Epílogo

—¡Prudence Holloway Mahoney! ¡Al fin!

Pru se dio la vuelta al oír la voz de Hazel Dubrowski Debbit, sorprendida, y agradecida, de que la otra hubiera tardado nada menos que veinte minutos en descubrirla, mezclada con los demás invitados del cóctel.

Hazel se acercaba a ella, arrastrando a otras dos invitadas. A una de ellas, Pru la reconoció inmediatamente: era Stacy Barrett, una de las mayores pelmazas que Pru recordaba. Y la otra era Cathy Jenings, que no le iba mucho a la zaga. No habían cambiado gran cosa, salvo de talla y de peinado.

—¿Dónde está tu marido? —preguntó Hazel, en cuanto hubieron intercambiado los saludos de rigor.

Pru levantó su brazo izquierdo, en apariencia para apartarse un rizo de pelo de la cara, y, al hacerlo, se remangó discretamente la manga del carísimo traje de un conocidísimo diseñador que se había comprado para la ocasión. Y, no menos discretamente, permitió que los diamantes de los que estaba cuajado su anillo de bodas captaran y reflejaran toda la luz del salón. Y observó, complacida, que las gemas no pasaban desapercibidas.

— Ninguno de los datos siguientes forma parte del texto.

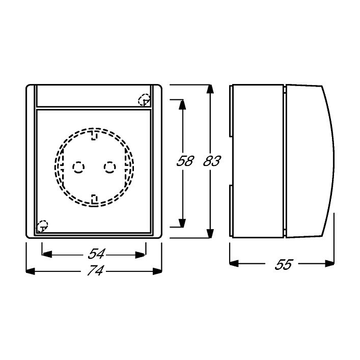 "Busch-Jaeger 2083-0-0817. Socket type: CEE 7/3. Product colour: Blue, White, International Protection (IP) code: IP44. Rated voltage: 250 V, Rated current: 16 A. Width: 74 mm, Depth: 55 mm, Height: 83 mm"\n

—Ah, pues por ahí —contestó, sin el menor apuro—. No puede andar muy lejos. Pobrecito, si no sabe vivir sin mí. Ni sin Tanner, claro.

Y, como si sus palabras lo hubieran conjurado, Seth se acercó al cuarteto. Estaba tremendamente elegante y atractivo, con uno de sus mejores trajes, y todos los accesorios habituales en él. Como el traje era gris marengo, llevaba una corbata de seda color rubí, a juego con los gemelos, y una mochilita con un estampado verde grisáceo y rojo oscuro.

Dentro de la mochilita iba Tanner dormido.

Seth le entregó una copa a ella, y se llevó la suya a los labios, mientras, con la otra mano, sostenía el culete de Tanner. Las otras tres mujeres contemplaban, con asombro e incredulidad, la cariñosa pose del papá.

—Ya sabes que tenemos guardería —le dijo Hazel, señalando al bebé—. Hay una zona con cunitas. Si lo dejas allí, estará perfectamente.

—Ya, gracias —contestó él, mirando al niño dormido—, pero prefiero que Tanner esté con nosotros. Y no da ninguna guerra.

Como las tres mujeres, en su asombro, se volvieron hacia Prudence, ella se sintió obligada a decir algo.

—Es un padre fantástico.

Hazel trató de introducir otro asunto en la conversación.

—¿Qué tal esa casa vuestra, tan grande y tan bonita? Cuéntanos cómo es.

—Oh, estamos buscando una nueva —dijo Pru, quitándole toda importancia

—. Ya sabes, un sitio que no se nos quede pequeño en unos pocos años.

—¿Pero es que una casa de casi cuatrocientos metros cuadrados no os va a bastar?

Pru se limitó a sonreír, sin responderle. Enlazó su brazo con el de Seth, apoyó la cabeza cariñosamente en el hombro de su marido, y le dio un sorbito a su copa de champaña. Y, antes de que Hazle insistiera, comentó para todos:

—¿Sabíais que esta temporada van a poner el Otello de Verdi? Es una de las óperas que más ganas tengo de oír.

Hazel sacudió lentamente la cabeza, examinando a Pru y a Seth como si acabaran de aparecer dentro de un glaciar prehistórico.

—Vaya, vaya —dijo—. El mes pasado, se me pasó por un momento por la cabeza que os estabais inventando lo de que estabais casados. Pero la verdad, Prudence, es que estás irreconocible. Radiante. Nunca creí que llegaría a verte tan llena de madurez.

—Venga, Hazel —contestó Pru, enderezándose, pero sin desenlazar su brazo del brazo de Seth—; para empezar, yo nunca fui la irresponsable que tanto te gusta repetir. Era impulsiva, espontánea. Me gustaba reírme. Eso es todo.

Se estaba pasando un poco, pero tenía que corregir un prejuicio demasiado asentado, durante demasiado tiempo. Ya estaba bien de juzgarse a sí misma a través de los ojos de los demás. Ella no era irresponsable, sino, sencillamente, irreprimible, igual que su marido.

—Y ahora —dijo—, si nos disculpáis, vamos a charlar con más personas.

Tengo que ponerme al día.

Y Prudence Holloway dio media vuelta, llevándose a sus chicos consigo.

Efectivamente, pensaba aprovechar ese fin de semana para ponerse al día. Y no se trataba solo de recuperar el contacto con algunos de sus antiguos compañeros. Estaban de luna de miel, y no habían hecho más que empezar.